Resumo criado por JUSTICIA, o assistente de inteligência artificial do Jus.

5. Sustentabilidade urbana e ambiental

A política de tarifa zero nacional não se resume a uma questão de custeio ou de eficiência administrativa: ela insere-se em uma agenda mais ampla de sustentabilidade urbana e transição ambiental justa, na qual o transporte público coletivo é reconhecido como instrumento de mitigação das emissões de gases de efeito estufa, inclusão social e ordenamento racional do espaço urbano.

O transporte, como dimensão da política urbana, transcende a função logística e passa a ser elemento de efetivação do direito ao meio ambiente equilibrado (art. 225, CF) e da função social da cidade (art. 182, CF).
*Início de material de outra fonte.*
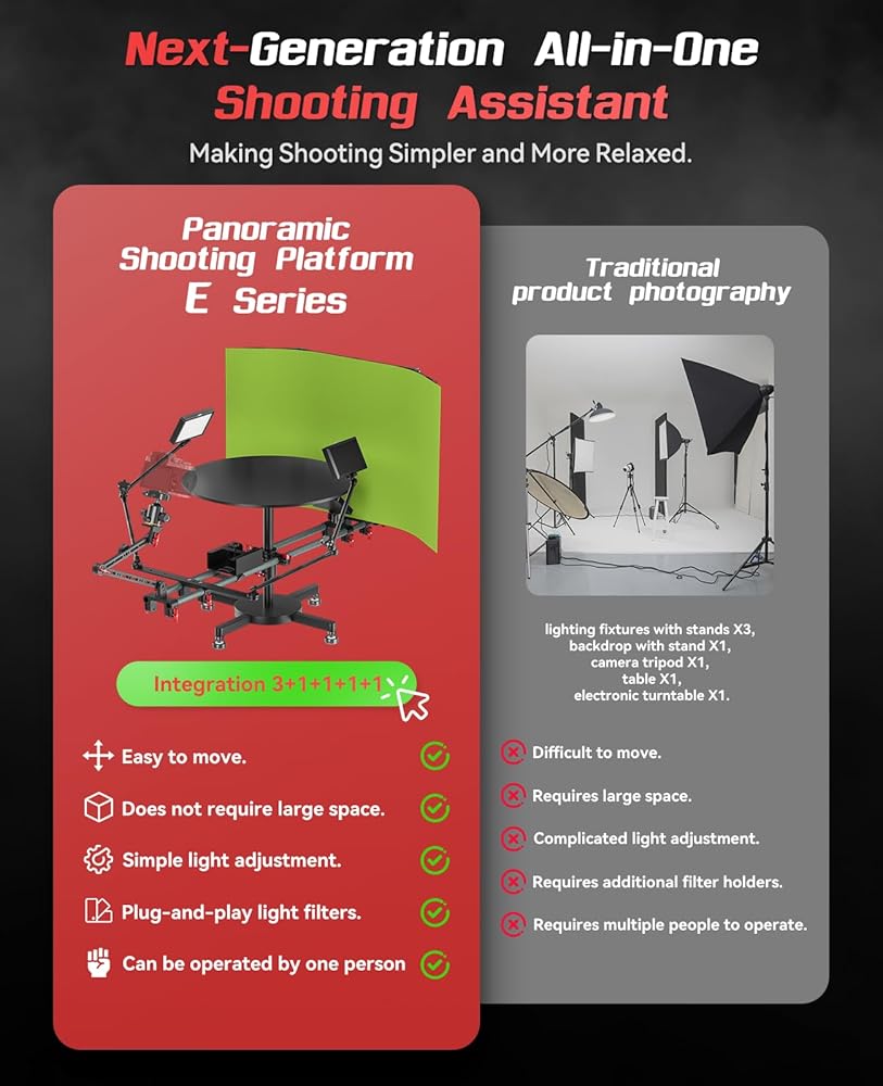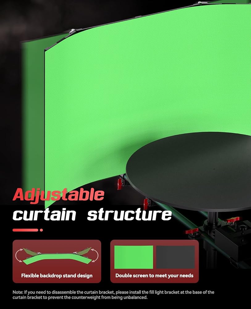 الإعداد السلس وهيكل الستار القابل للتعديل: 360 منصة التصوير لديها تصميم مرن على خلفية. ضمان تكييف إعداد التصوير الخاص بك مع أي مشهد أو مزاج.

A Lei nº 12.587/2012 (Política Nacional de Mobilidade Urbana) estabelece, entre seus princípios, a integração entre mobilidade, meio ambiente e ordenamento territorial, determinando prioridade ao transporte público coletivo sobre o individual motorizado e incentivando os modos não motorizados.

O art. 7º da referida lei impõe aos entes federativos o dever de formular políticas que reduzam custos ambientais e sociais da mobilidade, promovendo a acessibilidade universal e a eficiência energética.
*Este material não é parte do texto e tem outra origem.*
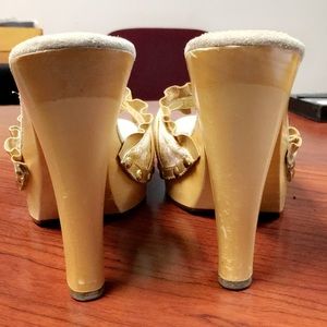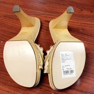 Description: beautiful gold tone fabric upper and leather outsole. Size 6.5 fits sizes 6 to 6.5 ~ no box

Assim, a tarifa zero pode ser interpretada como instrumento de incentivo ambiental indireto, pois estimula o uso do transporte coletivo, reduz a circulação de veículos particulares e, por consequência, contribui para a descarbonização das cidades.

Ainda que concebida como política social, sua implementação repercute positivamente na qualidade ambiental urbana, reforçando compromissos internacionais de mitigação climática.
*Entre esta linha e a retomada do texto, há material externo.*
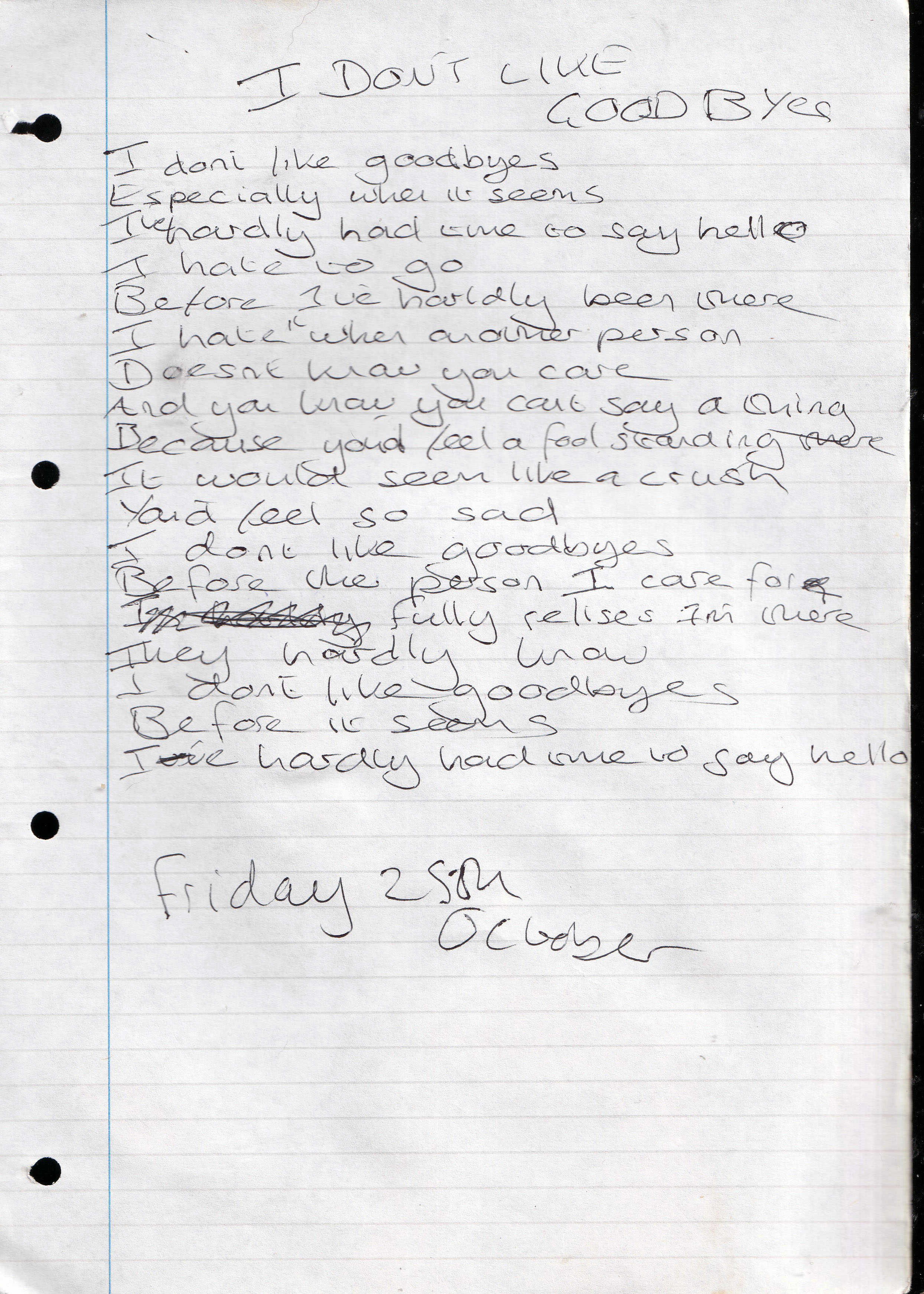 I Don’t Like Goodbyes – Written Friday 25th October 1997 (Aged 22)

Nesse mesmo contexto de mitigação e eficiência, a transição tecnológica das frotas, com a introdução progressiva de ônibus elétricos, representa a materialização prática da política de mobilidade de baixo carbono delineada pela Lei nº 12.187/2009 (Política Nacional sobre Mudança do Clima) e pelo Decreto nº 11.624/2023, que institui o Programa Nacional de Mobilidade Urbana de Baixo Carbono.

O referido decreto orienta a substituição gradual de frotas movidas a combustíveis fósseis por veículos elétricos ou híbridos, prevendo incentivos financeiros, metas de redução de emissões e estímulo à inovação tecnológica.

Em termos jurídicos, a eletrificação não é mero ato discricionário, mas uma obrigação progressiva de política pública, integrando o dever estatal de proteção ambiental e de promoção da eficiência energética.

A relação entre a eletrificação da frota e a tarifa zero é direta e estrutural. Ambas as políticas partilham o mesmo fundamento jurídico — o dever de garantir um transporte público acessível, eficiente e ambientalmente sustentável — e dependem de fontes de custeio estáveis.

Se, por um lado, a gratuidade transfere ao Estado o papel de financiador integral do sistema, conferindo-lhe poder regulatório para exigir padrões de sustentabilidade, por outro, a adoção de ônibus elétricos reduz custos operacionais no médio prazo, ao diminuir o consumo de combustível e a manutenção mecânica, tornando a tarifa zero mais fiscalmente viável.

Essa relação de reciprocidade cria um ciclo virtuoso: quanto mais limpa e eficiente a frota, menor o custo estrutural do sistema e maior a possibilidade de manutenção da gratuidade de forma responsável.

A execução dessa transição tecnológica requer planejamento financeiro e contratual adequado.

Os ônibus elétricos possuem custo inicial superior aos veículos convencionais — diferença que pode chegar a 80% —, o que exige modelos de financiamento híbridos, com participação pública e privada.

O BNDES, a Finep e o Fundo Clima (Lei nº 12.114/2009) têm desempenhado papel relevante nesse processo, oferecendo crédito direcionado à renovação de frota e à instalação de infraestrutura de recarga.

A reforma tributária (EC nº 132/2023) reforça esse quadro, ao permitir que o imposto seletivo sobre combustíveis fósseis e a Cide-Combustíveis reformulada sejam utilizados como instrumentos de tributação ambiental e fonte de financiamento da mobilidade sustentável, viabilizando simultaneamente a tarifa zero e a eletrificação das frotas urbanas.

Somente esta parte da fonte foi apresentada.